Given entries:
**********

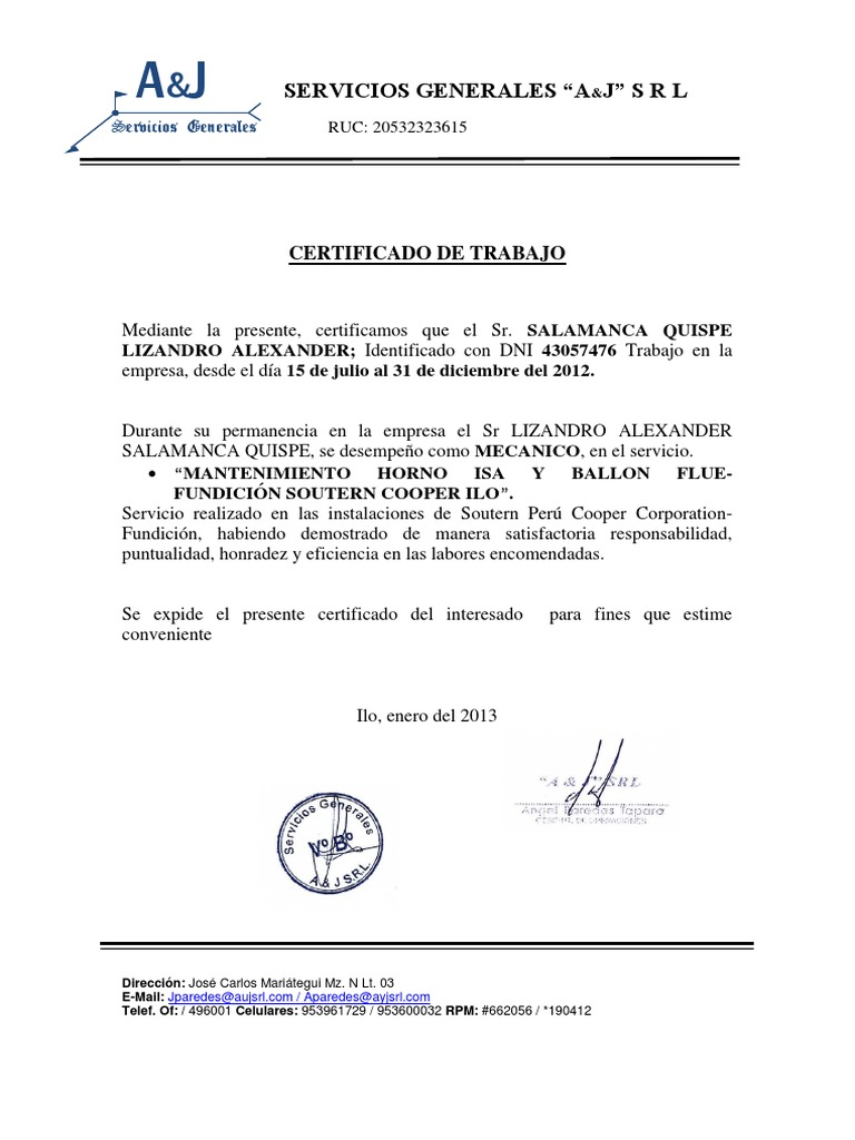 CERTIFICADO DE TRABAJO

**********

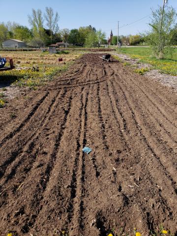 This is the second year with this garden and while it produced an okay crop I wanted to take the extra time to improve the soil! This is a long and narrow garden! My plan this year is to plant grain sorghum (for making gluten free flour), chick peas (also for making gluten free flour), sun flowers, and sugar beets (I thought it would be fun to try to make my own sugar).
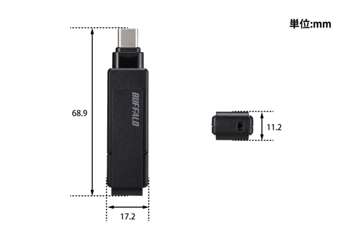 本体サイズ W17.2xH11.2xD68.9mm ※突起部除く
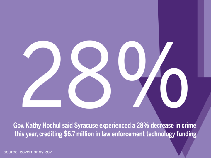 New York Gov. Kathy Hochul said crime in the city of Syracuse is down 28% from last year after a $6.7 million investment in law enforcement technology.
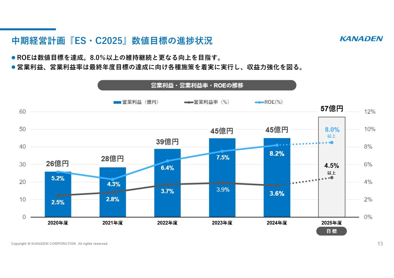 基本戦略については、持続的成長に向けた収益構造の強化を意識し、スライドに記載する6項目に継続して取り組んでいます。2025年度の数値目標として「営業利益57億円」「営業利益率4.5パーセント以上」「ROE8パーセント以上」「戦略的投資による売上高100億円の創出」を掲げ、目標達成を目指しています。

**********

Goal of the exercise:
Both the line above containing "New York Gov." and the line containing "基本戦略については、持続的成" belong in the copy, along with every line between them; print these exactly and omit the pictures.

Exercise solution:
 New York Gov. Kathy Hochul said crime in the city of Syracuse is down 28% from last year after a $6.7 million investment in law enforcement technology.
 基本戦略については、持続的成長に向けた収益構造の強化を意識し、スライドに記載する6項目に継続して取り組んでいます。2025年度の数値目標として「営業利益57億円」「営業利益率4.5パーセント以上」「ROE8パーセント以上」「戦略的投資による売上高100億円の創出」を掲げ、目標達成を目指しています。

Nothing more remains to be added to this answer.